Please repeat exactly the lines below from the one containing "JOHNSON SUISSE GEMELLI" down to the one containing "Indulge in the", both included, and nothing else.

★ ★ ★ ★ ★ ★ ★

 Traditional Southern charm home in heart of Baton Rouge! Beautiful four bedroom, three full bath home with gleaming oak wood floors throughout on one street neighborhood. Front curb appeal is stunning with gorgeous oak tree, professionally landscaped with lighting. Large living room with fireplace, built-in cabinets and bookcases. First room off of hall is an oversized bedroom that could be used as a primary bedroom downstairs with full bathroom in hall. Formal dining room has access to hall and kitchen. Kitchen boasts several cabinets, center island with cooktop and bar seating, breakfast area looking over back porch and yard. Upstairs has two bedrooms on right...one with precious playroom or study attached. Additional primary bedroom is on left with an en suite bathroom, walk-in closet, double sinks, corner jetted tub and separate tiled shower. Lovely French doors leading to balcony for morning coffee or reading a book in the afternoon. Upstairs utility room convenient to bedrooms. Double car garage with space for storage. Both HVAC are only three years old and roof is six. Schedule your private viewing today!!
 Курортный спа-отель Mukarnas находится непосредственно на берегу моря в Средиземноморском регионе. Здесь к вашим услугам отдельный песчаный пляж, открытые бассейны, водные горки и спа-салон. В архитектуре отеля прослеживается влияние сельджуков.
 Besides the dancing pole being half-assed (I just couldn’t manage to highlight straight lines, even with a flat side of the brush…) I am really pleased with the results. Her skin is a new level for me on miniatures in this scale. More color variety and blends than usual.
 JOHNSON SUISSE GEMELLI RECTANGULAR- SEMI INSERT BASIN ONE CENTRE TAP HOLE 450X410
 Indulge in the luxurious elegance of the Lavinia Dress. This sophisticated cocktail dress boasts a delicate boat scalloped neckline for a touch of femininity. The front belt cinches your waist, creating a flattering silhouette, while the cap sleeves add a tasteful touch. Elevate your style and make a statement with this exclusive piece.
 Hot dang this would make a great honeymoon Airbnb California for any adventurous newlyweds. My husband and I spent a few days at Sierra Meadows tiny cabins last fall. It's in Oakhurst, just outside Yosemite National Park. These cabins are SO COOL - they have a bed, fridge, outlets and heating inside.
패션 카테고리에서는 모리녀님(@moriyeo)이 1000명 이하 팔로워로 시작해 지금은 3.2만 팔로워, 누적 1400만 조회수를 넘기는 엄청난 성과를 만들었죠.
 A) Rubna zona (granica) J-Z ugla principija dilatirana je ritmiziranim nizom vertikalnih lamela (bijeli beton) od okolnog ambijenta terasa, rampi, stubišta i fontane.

★ ★ ★ ★ ★ ★ ★

EXERCISE RESPONSE —
 JOHNSON SUISSE GEMELLI RECTANGULAR- SEMI INSERT BASIN ONE CENTRE TAP HOLE 450X410
 Indulge in the luxurious elegance of the Lavinia Dress. This sophisticated cocktail dress boasts a delicate boat scalloped neckline for a touch of femininity. The front belt cinches your waist, creating a flattering silhouette, while the cap sleeves add a tasteful touch. Elevate your style and make a statement with this exclusive piece.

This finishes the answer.